Source material section start
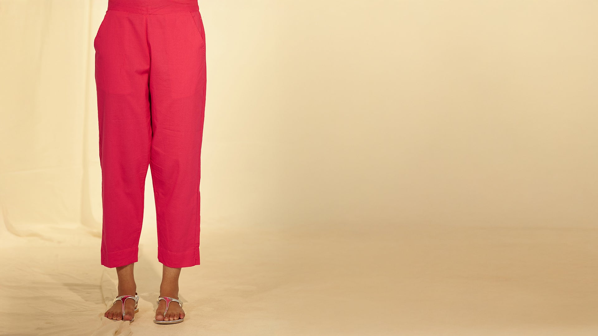 These vibrant hot pink cotton pants offer a comfortable fit with a semi-elasticated waistband, making them perfect for casual or festive occasions. The cropped length adds a trendy touch, while pockets add practicality.
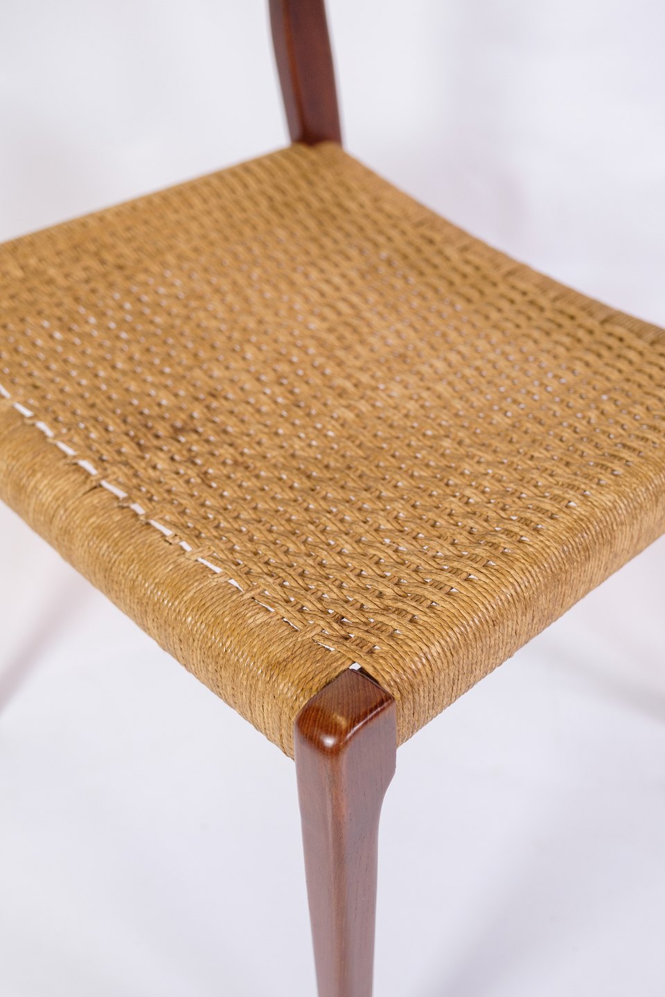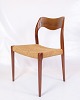 Dette sæt af fire spisestuestole, model 71, designet af Niels Otto Møller i 1960'erne, er et fremragende eksempel på dansk mid-century modern design. Stolene kombinerer teaktræets naturlige skønhed med papirflet, hvilket skaber en elegant og tidløs æstetik.
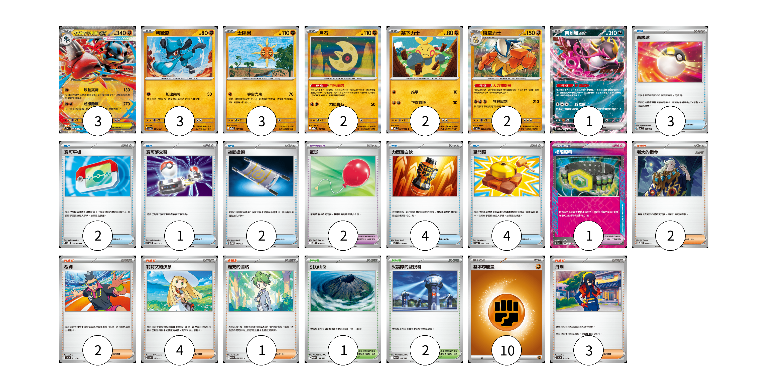 牌組構築方案 以此牌組為基礎新構築牌組 顯示卡面 顯示列表 寶可夢卡(16) 3 3 3 2 2 2 1 寶可夢道具(3) 2 1 物品卡(16) 3 2 1 2 4 4 支援者卡(12) 2 2 4 1 3 競技場卡(3) 1 2 能量卡(10) 10 寶可夢卡(16) 卡牌名稱 張數 卡牌名稱 張數 超級路卡利歐ex M1L 029/063 03 利歐路 M2a 091/193 03 太陽岩 M2a 087/193 03 月石 M2a 086/193 02 幕下力士 M1L 024/063 02 鐵掌力士 M1L 025/063 02 吉雉雞ex M2a 114/193 01 寶可夢道具(3) 卡牌名稱 張數 卡牌名稱 張數 氣球 MBD 018/022 02 極限腰帶 SV8a 159/187 01 物品卡(16) 卡牌名稱 張數 卡牌名稱 張數 高級球 MC 651/742 03 寶可平板 M3 070/080 02 寶可夢交替 MC 663/742 01 夜間擔架 SVOM 016/021 02 力量蛋白飲 MC 652/742 04 戰鬥鑼 M2a 155/193 04 支援者卡(12) 卡牌名稱 張數 卡牌名稱 張數 老大的指令 MBG 021/022 02 裁判 MC 711/742 02 莉莉艾的決意 M2a 175/193 04 滿充的體貼 M1S 060/063 01 丹瑜 MC 715/742 03 競技場卡(3) 卡牌名稱 張數 卡牌名稱 張數 引力山岳 M2a 183/193 01 火箭隊的監視塔 M2a 189/193 02 能量卡(10) 卡牌名稱 張數 卡牌名稱 張數 基本【鬥】能量 MC FIG 10 以此牌組為基礎新構築牌組 牌組編碼 Ybjumr-PRYjiT-ePvGVA copy 列印牌組單 牌組編碼已複製 分享至SNS
Source material section end
Work to complete:
Exactly restate the lines from the beginning of the data through the line with "Dette sæt af", and no others, keeping pictures out.

Answer for the task:
 These vibrant hot pink cotton pants offer a comfortable fit with a semi-elasticated waistband, making them perfect for casual or festive occasions. The cropped length adds a trendy touch, while pockets add practicality.
 Dette sæt af fire spisestuestole, model 71, designet af Niels Otto Møller i 1960'erne, er et fremragende eksempel på dansk mid-century modern design. Stolene kombinerer teaktræets naturlige skønhed med papirflet, hvilket skaber en elegant og tidløs æstetik.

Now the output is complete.